I know that it probably reads NTFS folder structure directly of the volume in bulk, and makes sense of it without calling OS filesystem functions.

How exactly can it be done? What system functions should I call to get that information about NTFS volume that fast and how can I parse it into file and directory names? Are there any libraries in any language that help with that?

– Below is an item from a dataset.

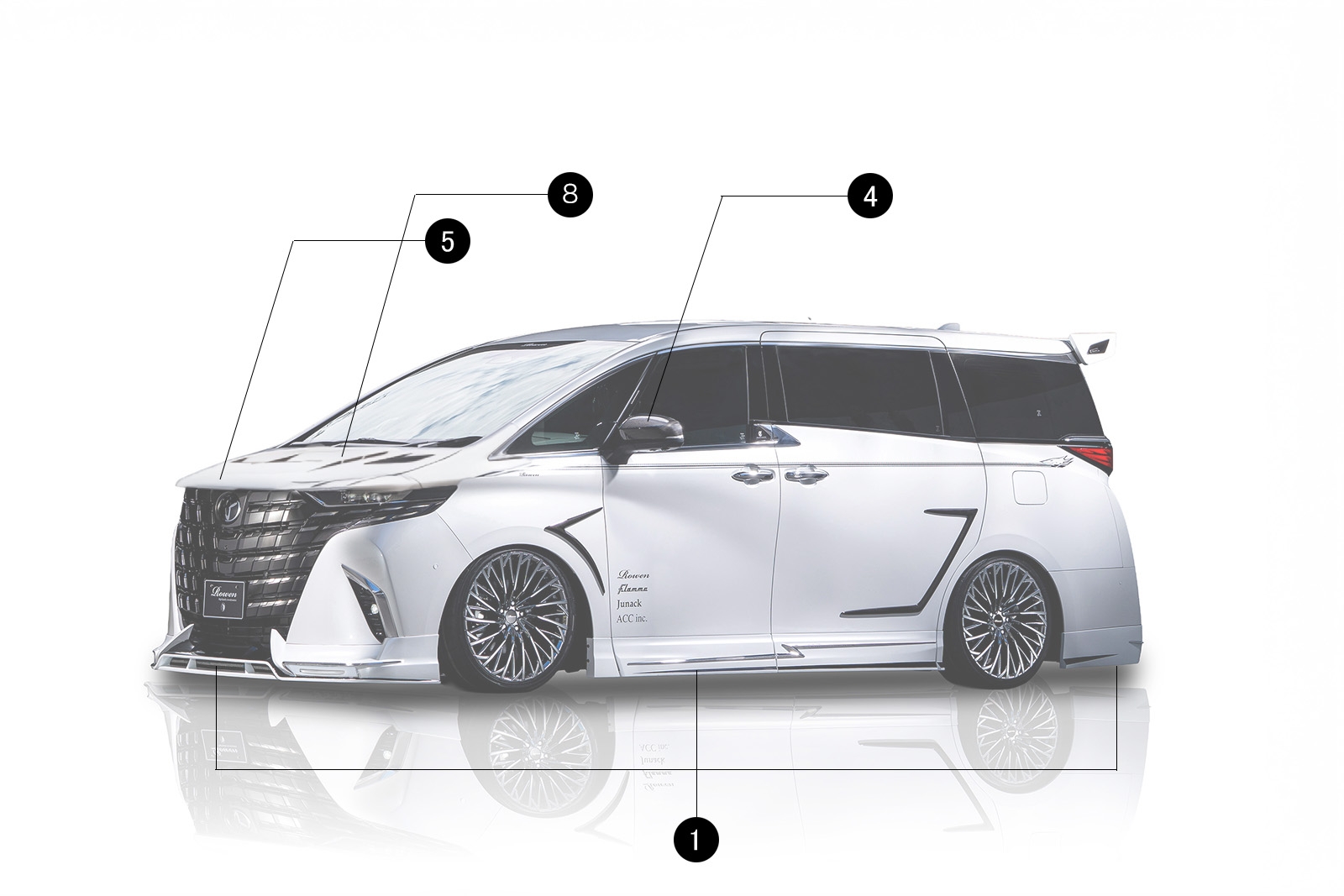 デザインはLEDラインイルミやクロームアレンジを盛り込み、重厚感とラグジュアリー感を演出。3Dデジタルモデリングによる高精度設計で、40系アルファードの魅力をさらに引き立てます。

If you are not sure what I am asking, there are more details in my previous question (I was asked to rephrase it): Can I read whole NTFS directory tree into RAM at once?

Community
  • 1
  • 1
Kamil Szot
  • 17,436
  • 6
  • 62
  • 65
  • Voting to close as too broad: the answer will be different for Windows and Linux. – Roger Lipscombe Sep 13 '15 at 17:21
  • @RogerLipscombe I added linux as an option. I'll remove it. Can you withdraw your vote? – Kamil Szot Sep 13 '15 at 17:23
  • 2
    Well, `CreateFile("$MFT", OPEN_ALWAYS, FILE_SHARE_READ, 0, 0, 0);`... not really special. It's just that you need admin privileges, and of course you must parse the binary structures therein. – Damon Sep 13 '15 at 17:28
  • @Damon Do you know any open source library that would help with parsing information read from $MFT? – Kamil Szot Sep 13 '15 at 18:01
  • The programs that I mentioned in your other question (like Swift Search or NTFS search) do that, and they are open source. You can get the complete sources at SF.net. I'd recommend you just look at how they do it. – Damon Sep 13 '15 at 18:07
  • @Damon Thank you. Exactly what I was looking for. Why do you avoid answers and respond in comments instead? – Kamil Szot Sep 13 '15 at 18:15
  • 1
    Well, I don't think "Google for 20 seconds and download the source code from SF", which is basically what I've told you in both questions, are particularly good answers :-) – Damon Sep 13 '15 at 18:38
  • @Damon Regardless, you've helped me best way I could imagine (apart from pasting full implementation). Especially considering that no other user contributed any information useful to me. Thank you. Surely there are questions asked here that don't even require that much googling but I see you have plenty of rep so you can be picky about how you earn it. :-) – Kamil Szot Sep 13 '15 at 20:24

1 Answers1

2

The NTFS volume has a low-visiblity structure it relies on called the master file table. There are APIs for querying this table directly, but they require some privileges to invoke, because you have to get a handle to the volume. The main function to query the master file table is DeviceIOControl and the control code is FSCTL_ENUM_USN_DATA

The control code appears to be a USN-related code - which is a touch misleading in this particular case - but it will give the basic flavor of the call and related structures. You get back an enumeration of records that look like usn records, but they're thin wrappers around master file table entries.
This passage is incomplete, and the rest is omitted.